Territory () is a 2015 Russian adventure drama film written and directed by Aleksandr Melnik, a screen version of the same novel by Oleg Kuvaev. The film, like the book, is based on real events and narrates about the discovery of a grandiose gold deposit in the Far North-East of the Soviet Union. The film stars 
Konstantin Lavronenko, Grigoriy Dobrygin, Egor Beroev, Kseniya Kutepova and Yevgeny Tsyganov joining the cast.

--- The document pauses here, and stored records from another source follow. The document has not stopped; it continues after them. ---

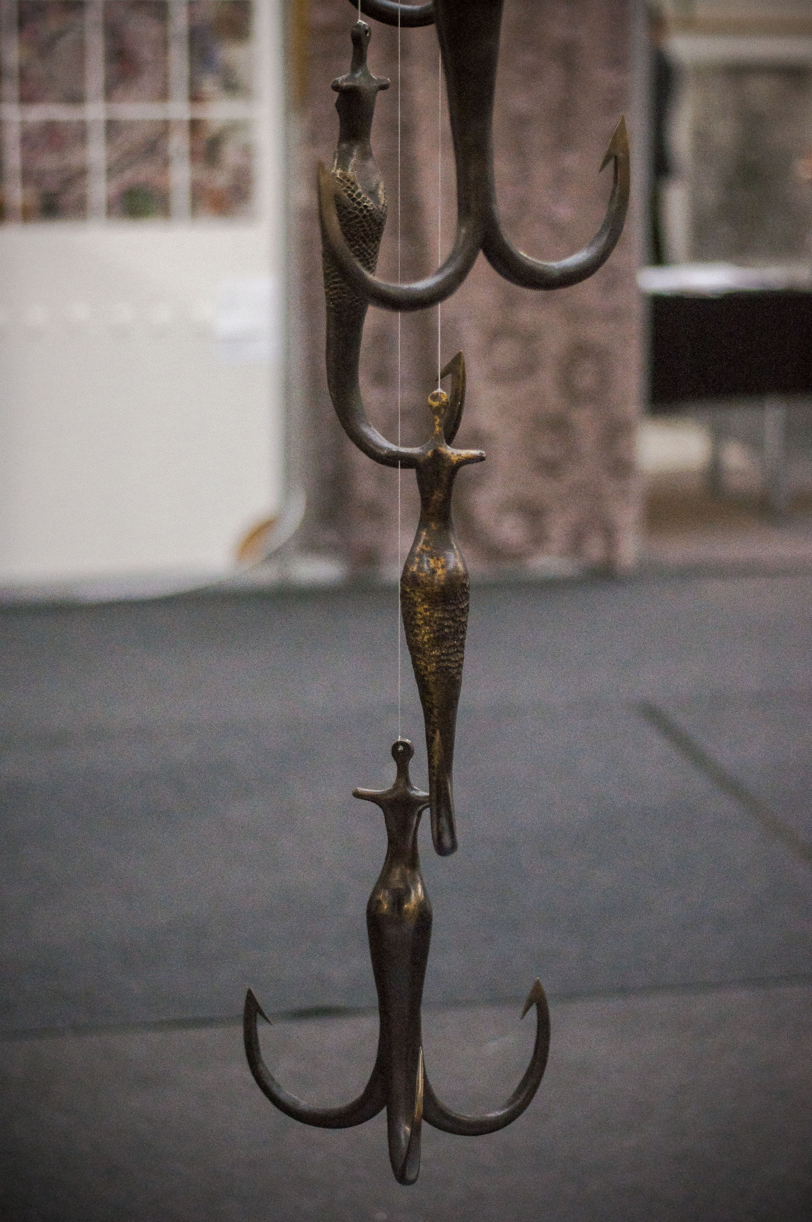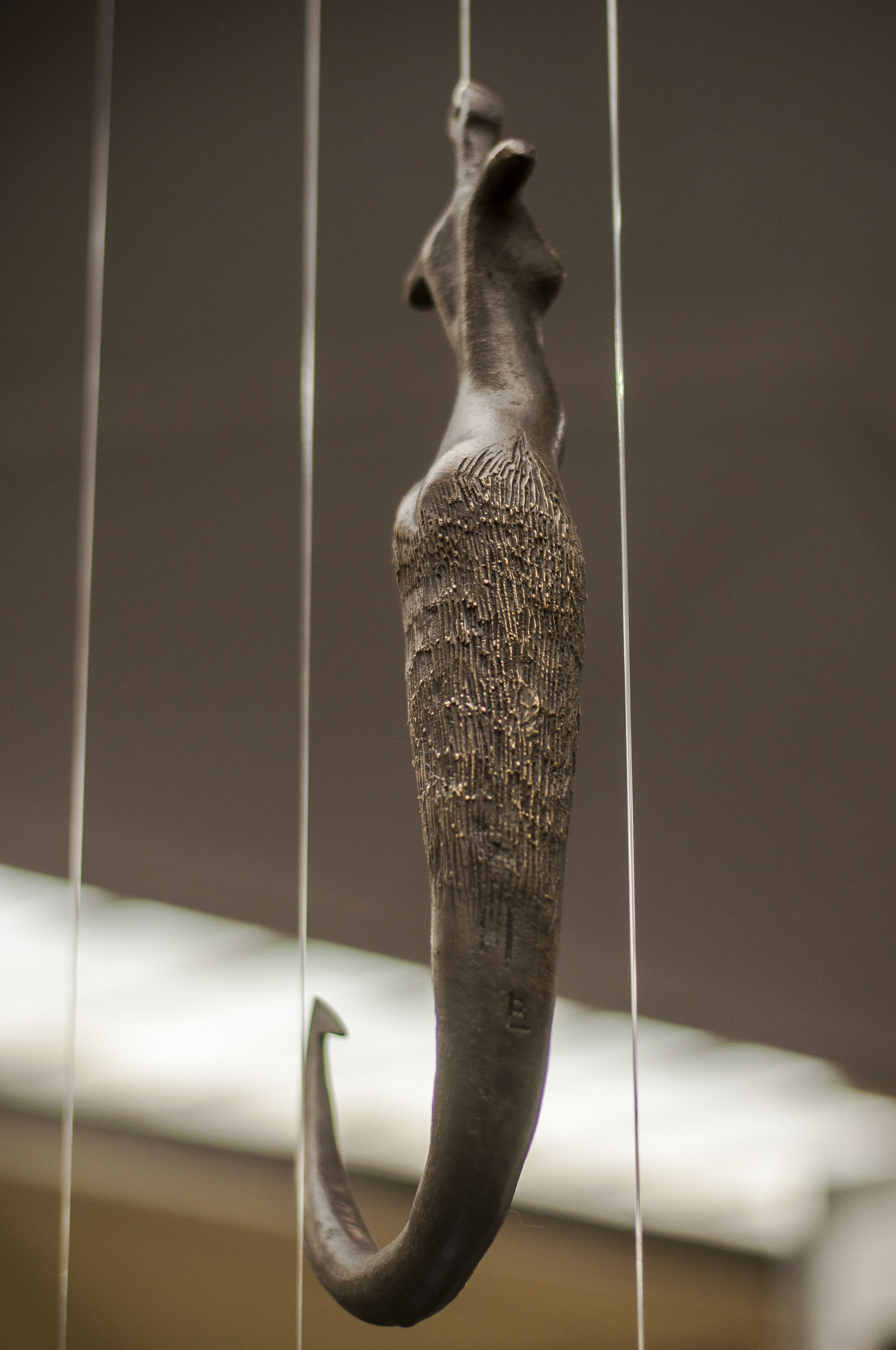 O entitate mitologică primitivă, Știma apelor, spirit acvatic din mitologia românească care apare ca o ființă de neînchipuit și este jumătate femeie și jumătate pește reușește să sublinieze probleme de natură socială de actualitate. Contrastul principal al lucrării este tocmai asocierea celor două elemente, sirena sau trupul feminin și cârligul caracterizat de forma masculină. Împreunarea celor doua elemente rezultă o formă feminină, cu însușiri masculine, un comentariu la poziția femeii contemporane.
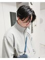 センターパートのカットベースに緩くニュアンスパーマをかけた大人メンズヘア。
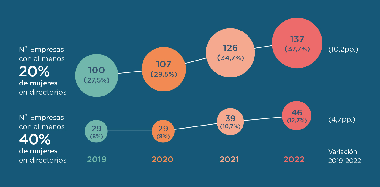 Considerando este contexto, es interesante observar que el número de empresas con al menos 20% de mujeres en el directorio ha aumentado sostenidamente entre 2019 y 2022, pasando de 100 a 137 en cuatro años, alcanzando el 37,7% de las empresas analizadas (variación de 10,2 pp.). Por otra parte, a pesar de que el porcentaje de empresas con al menos 40% de mujeres en directorios se ha expandido en el tiempo (variación de 4,7 pp. entre 2019 y 2022), se sigue observando un crecimiento más lento y en menor magnitud que en el primer grupo. Al año 2022, todavía son menos de 50 organizaciones y representan sólo el 12,7% del total de firmas estudiadas.
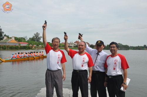 2010金門縣第二屆端午節龍舟賽,昨日在古寧頭雙鯉湖舉行,縣長李沃士、議長王再生兩位府會首長共同參與開幕儀式,李縣長期待該項端午龍舟賽,在各界的共襄盛舉,延續傳承這項傳統民俗紀念意義活動,逐步的擴大成為金門傳統民俗的重要活動之一。議長王再生也希望能結合觀光的行銷,吸引更多觀光客的參與,也為金門觀光產業注入泉源。 在天公的作美下,第二屆龍舟賽,昨日上午八時三十分在古寧頭雙鯉古地廟舉行龍舟競賽開光點睛儀式,由縣長李沃士率領議長王再生、議員林孫全、縣府局室主管、縣屬單位主官、金管處處長曾偉宏、金寧鄉長陳成勇、鄉代會主席李正騰、鄉代表李開陣、以及學校校長,虔誠的上香請神,祭拜雙鯉古地廟主神關聖帝君,祈佑地方安寧、圓滿活動。 李縣長、王議長也為兩艘龍舟開光點睛,讓活動順利又平安。 隨後進行開幕儀式,北門醒獅隊的祥獅獻瑞,為活動揭開序幕。鳳翔社區居民端出的「舞蛤精和跑旱船」民俗才藝表演,在今年的迎城隍慶典,獲得民眾的青睞,票選為最佳人氣陣頭榮耀。昨日再度亮相,立即吸引觀眾注目的眼光,社區媽媽們自編自演的舞蛤精、跑旱船節目,很生動又精彩,炒熱現場,洋溢著傳統節氣的氣氛。尤其是劉淑睿老師犧牲形象,演出的三八媒婆角色,和成員默契又逗趣的表現,博得觀眾的掌聲。 李縣長稱讚北門醒獅隊、鳳翔社區所帶來的精彩節目,增添活動的熱鬧。他也感謝所有參與活動的單位和工作人員,犧牲假日,投入活動的辛勞表現,讓第二屆端午龍舟賽順利登場,帶給鄉親歡樂。 李縣長說,這幾天,地區許多社區相繼辦理端午節慶祝活動,包粽子是最具代表性活動。相對的,端午節龍舟賽也邁入第二屆,今年的男子組有十隊參賽,女子組也有三隊,縣政府也組兩隊響應活動,他期望明年度有更多團隊一起共襄盛舉,包括,各鄉鎮和金管處等單位都能組隊加入,透由該項活動,相互的交流,也運動健身。 李縣長很肯定端節龍舟賽所代表的傳統民俗意義性,他期待該項活動不僅要傳承下去,還要逐步拓展,愈辦愈好,逐漸推動成為金門重要活動之一。 李縣長祝福各參賽隊伍划出好成績,他也向鄉親祝賀端節快樂。 議長王再生也肯定舉辦龍舟賽的意義性,他說,「龍躍中原、兩岸和平」,今年也有來金交流的大陸漳州技術學院學子組隊參與,期待未來有更多兩岸三地的朋友,組隊到金門觀光,也參與金門的民俗活動。 王再生說,昔日的戰地政務體制,讓龍舟賽延宕幾十年未辦,如今順利的辦理第二屆,未來還要擴及參與的層面,也能納入觀光團體,透由觀光的行銷,讓金門的龍舟賽走出去,吸引更多遊客來金體驗金門傳統民俗活動。 地主鄉長陳成勇很高興龍舟賽選擇在金寧轄區的古寧頭雙鯉湖舉辦,他也當場回應李縣長期待明年鄉鎮能組隊參與,會協調其它四鄉鎮共襄盛舉。 陳成勇表示,龍舟賽講求是團隊精神,也是勝負的關鍵,選手們透由活動展現勝不驕、敗不餒的運動精神。他也期待明年還有更多團體一起參賽,金寧的慈湖,也是很好的活動場所,重要的是,希望有更多的活動湧入金寧,鄉公所和鄉代會一定會全力的配合,能為金寧鄉帶來觀光人潮,帶動地方觀光產業發展。 龍舟賽在李縣長、王議長等來賓共同鳴槍下,各組展開競賽,上午的龍舟賽預賽,各組拚鬥十足,卯足全力來爭取晉入決賽的資格。在接近中午,預賽賽程告一段落,主辦單位也推出水中尋寶的趣味活動,丟入湖中一百個大小保特瓶,瓶內有置放兌放獎品的紙條,可以兌換獎品。除了預先報名的五十位民眾、青年,現場也再徵求意願尋寶者,大夥躍入湖中,有身著救生衣尋寶、也有身手矯健的泳將,很快找到寶物,還兩手高舉多個寶物,收穫滿滿。 下午續進行龍舟賽賽事,於下午三時許落幕。活動中也有寫生比賽、和園遊會活動,讓民眾盡情的參與,帶給民眾歡樂的端午假期。
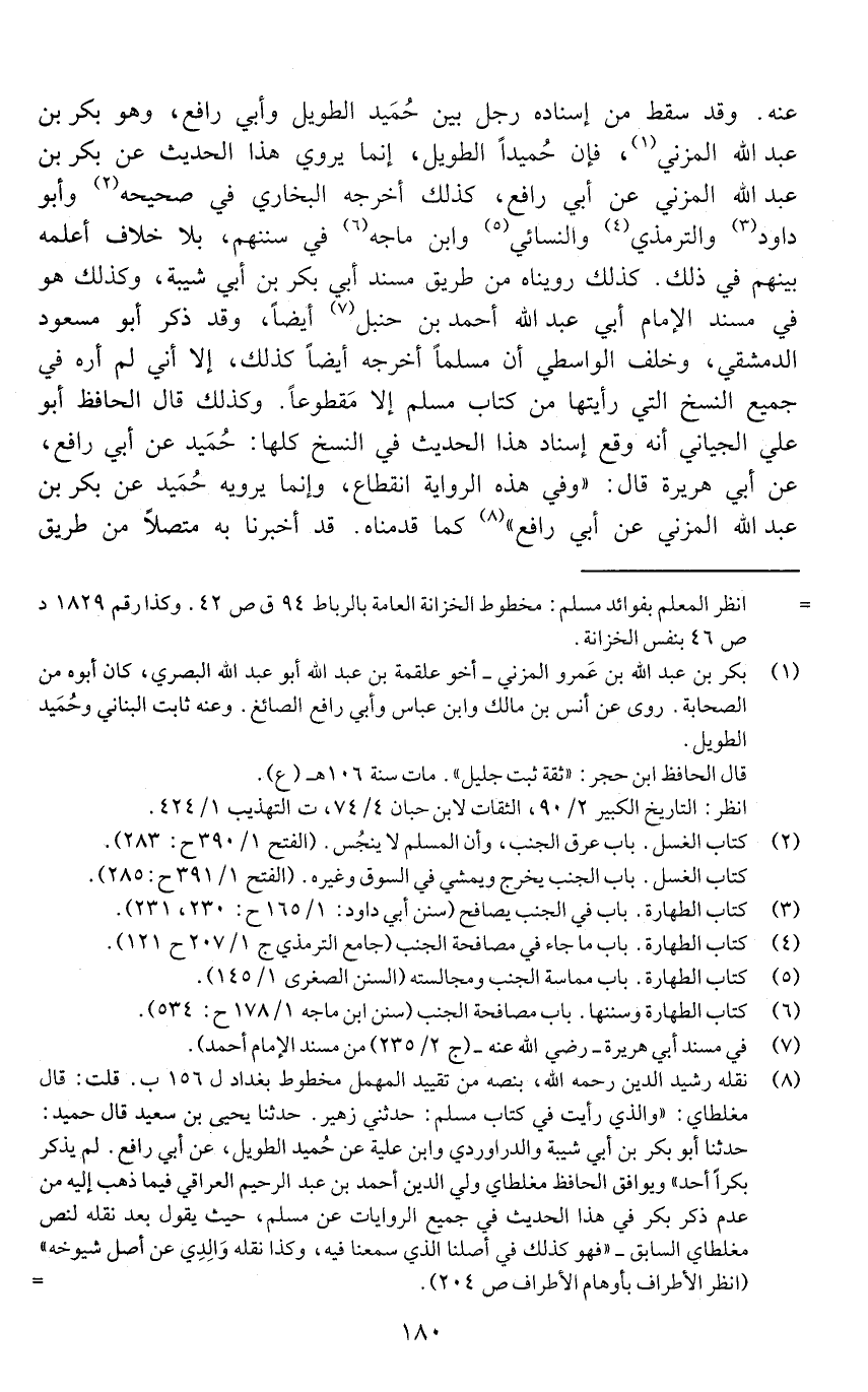 عنه وقد سقط من إسناده رجل بين حميد الطويل وأبي رافع وهو بكر بن عبد الله المزني فإن حميدا الطويل إنما يروي هذا الحديث عن بكر بن عبد الله المزني عن أبي رافع كذلك أخرجه البخاري في صحيحه وأبو داود والترمذي والنسائي وابن ماجه في سننهم بلا خلاف أعلمه بينهم في ذلك كذلك رويناه من طريق مسند أبي بكر بن أبي شيبة وكذلك هو في مسند الإمام أبي عبد الله أحمد بن حنبل أيضا وقد ذكر أبو مسعود الدمشقي وخلف الواسطي أن مسلما أخرجه أيضا كذلك إلا أني لم أره في جميع النسخ التي رأيتها من كتاب مسلم إلا مقطوعا وكذلك قال الحافظ أبو علي الجياني أنه وقع إسناد هذا الحديث في النسخ كلها حميد عن أبي رافع عن أبي هريرة قال وفي هذه الرواية انقطاع وإنما يرويه حميد عن بكر بن عبد الله المزني عن أبي رافع كما قدمناه قد أخبرنا به متصلا من طريق
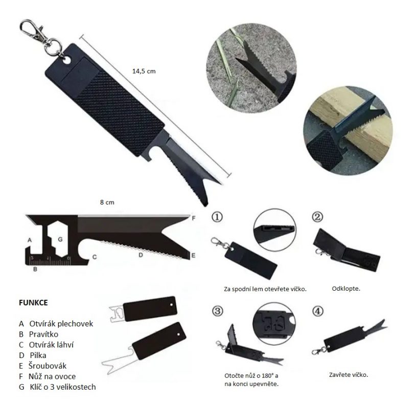 Această cartelă măsoară doar 7 x 4,5 cm, este ușoară și poate îndeplini rolul mai multor instrumente, cum ar fi cheile pentru piulițe și șuruburi de 6,7,8 și 10 mm, cheile pentru șuruburi plate, riglă, colțar, două găuri diferite, șurubelniță, feronerie și cuțit.
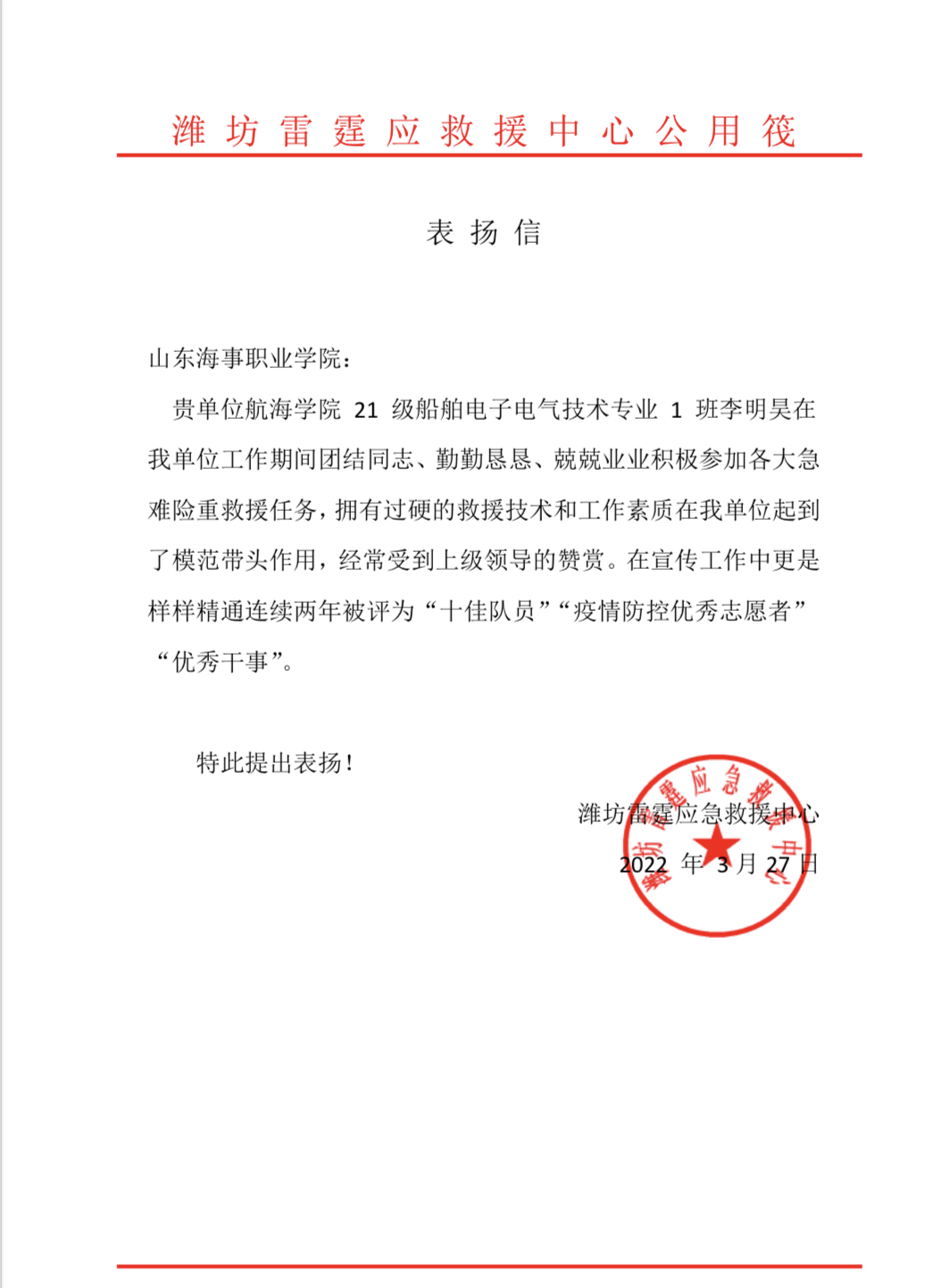 李明昊,男,中共预备党员,jinnian金年会jinnianhui金年会诚信至上21级船舶电子电气技术专业学生,除了是一名在校大学生外还有另一个身份——潍坊雷霆应急救援中心综合勤务部干事、寒亭区人民武装部干事、基干民兵。
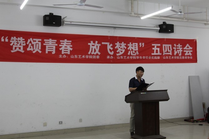 本站讯 为纪念五四运动94周年,弘扬以爱国主义为核心的民族精神和以改革创新为核心的时代精神,引导团员青年为实现“中国梦”而刻苦学习,提高大学生的思想政治素质,5月3日下午2时,由校团委主办、校学生会社会实践部和志愿者协会联合承办的“赞颂青春、放飞梦想”五四青春诗会在长清校区举行。校团委相关负责人与来自各二级学院推荐选送的20余名参赛选手和上百名同学参加了活动,校学生会主席团成员及各二级学院学生会主席担任诗会评委。
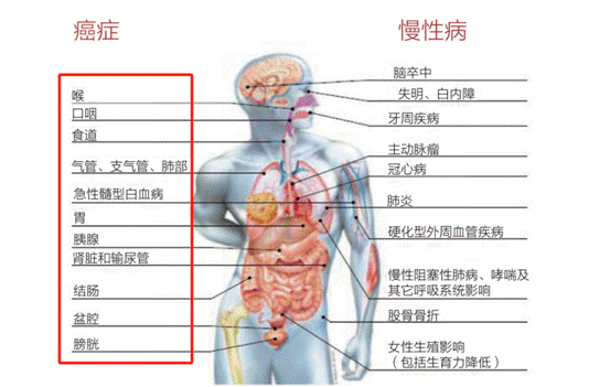 有充分证据说明,吸烟可以导致肺癌、口腔癌、食管癌、胃癌、肝癌、宫颈癌等疾病,且

The novel was previously adapted in the Soviet Union in 1978 by Aleksander Surin. The picture starred Donatas Banionis as Ilya Chinkov.

Plot
1960 year. The Far North-East of the Soviet Union. Geographical reference: City Magadan and Village Pevek. After the war, the country needs gold, but the Territory continues to give only tin. Territory management is closed. Chief engineer, the legendary Ilya Chinkov is convinced that there is gold in the Territory. He challenges the fate and for one field season it is taken to find it. Using absolute authority, Chinkov organizes searches for gold in the Territory, despite the absence of direct instructions from the leadership and the sad fate of his predecessor, whose career was destroyed due to the fact that no gold was found in the Territory.

Cast

Production 
The production of film titles took place from May to October 2014. The video sequence is based on materials provided by the Department of the History of Geology, the Vernadsky State Geological Museum, the Russian Academy of Sciences (RAS).

Release
On February 11, 2015, a preliminary screening for the press, artists, and the invited geological community of Russia took place in the Kremlin Palace of Congresses. The show was held on a 30-meter screen in 4K format.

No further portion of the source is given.